Não temos muitos amigos, é algo que se aprende com o tempo de vida que corre à nossa frente sem nos perguntar se queremos ir nessa direcção. Eu tenho uma amizade que, diz um amigo dessa minha amiga, é uma catedral. É uma imagem bonita. Sobrevivemos a tudo, até à família e à profissão. Venham daí com farpas que a malta aguenta, não o dizemos, mas é o mote. É muito difícil ser-se amigo seja de quem for, é preciso tempo, disponibilidade, é preciso memória e afecto e é preciso entender que umas vezes cedes tu e outras cedo eu para que possamos concordar que discordamos sem zangas ou outras propostas maléficas e de mau tom. Não é tarefa fácil, talvez por isso se considere que é a melhor forma de amor. Ter um amigo é ter alguém que nos carrega e que conta a nossa história. Não é ter um amigo no Facebook, que isso interessa muito pouco. Eu tenho quase cinco mil amigos por aquelas bandas e nunca vendi cinco mil livros, porque será?

Então, qual é o critério para se dizer: esta pessoa é minha amiga? O critério é relativo, é evidente. Não é geracional, não é herança de infância (embora possa ser), não se pretende com género, nem mesmo com ideologia política. Um amigo pode ser alguém com mais trinta anos de idade, ou alguém com menos vinte. O que importa é sabermos que é alguém que está para nós apesar das nossas desgraças, das bodegas que temos dentro de nós. O nosso amigo já nos ouviu dizer coisas impensáveis, tem as nossas confidências, sabe os nossos podres e as nossa fragilidades. E, apesar de tudo isso, desse património nefasto, gosta de nós. Mesmo que exaspere com algumas das nossas falhas, não tem intenção nos falhar. Não existem muitos amigos com quem possamos ter um registo de intimidade. A intimidade é tramada.

Entendo na perfeição que seja muito exigente ser-se amigo de alguém. O que não entendo é a hipocrisia de algumas almas que dizem ser muito amigas, ah, conheço-a há anos, sei perfeitamente quem é, e outras observações deste calibre, e depois praticam tiro ao alvo nas costas da mesma pessoa de quem se dizem amigas.
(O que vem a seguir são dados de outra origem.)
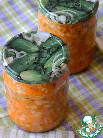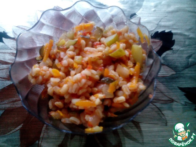 Затем добавить огурцы, лук, морковь, перловку и перемешать.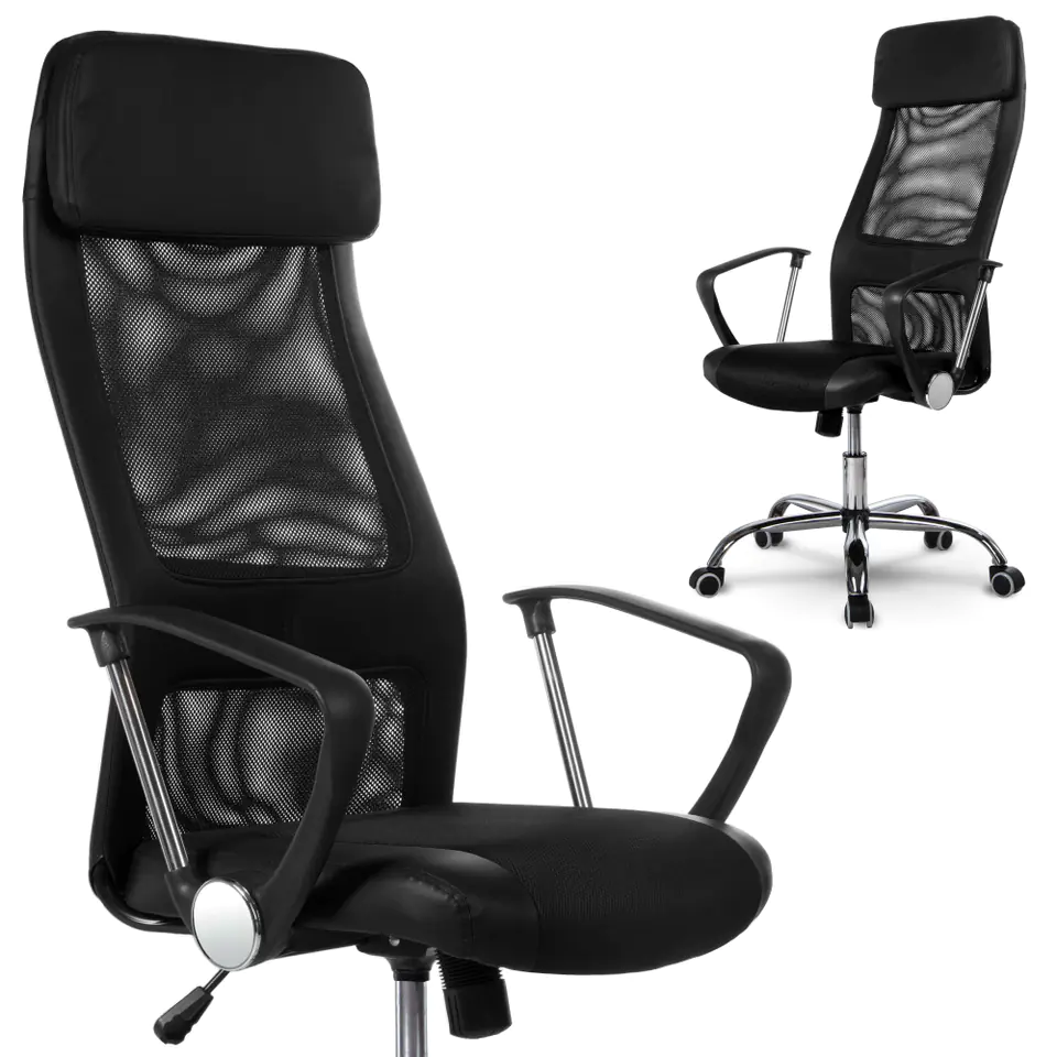 Wysoki fotel z mikrosiatki z chromowaną podstawą.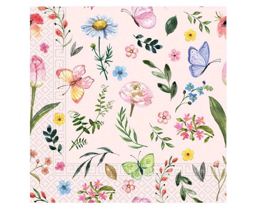 Serwetki papierowe Pink Butterfly 25x25 cm, 20 szt. — papierowe serwetki z kolorowym nadrukiem kwiatów i motyli, przeznaczone do użycia podczas przyjęć: wesel, wieczorów panieńskich, urodzin, baby shower oraz sezonowych dekoracji. Nadają się do nakryć stołu, przekąsek i drobnych dekoracji.

Há desgostos destes que são complicados e penosos de viver quando se tem vinte ou trinta anos. Aos cinquenta não resvalam na carapaça da minha indiferença, divertem-me, são uma aventura sociológica. Mas eu não sou exemplo, sei os amigos que tenho. Os amigos verdadeiros. E também sei quem são os outros. Em tempos de pandemia, garanto-vos que esta compreensão é crucial para vivermos dentro de uma quantidade razoável de felicidade.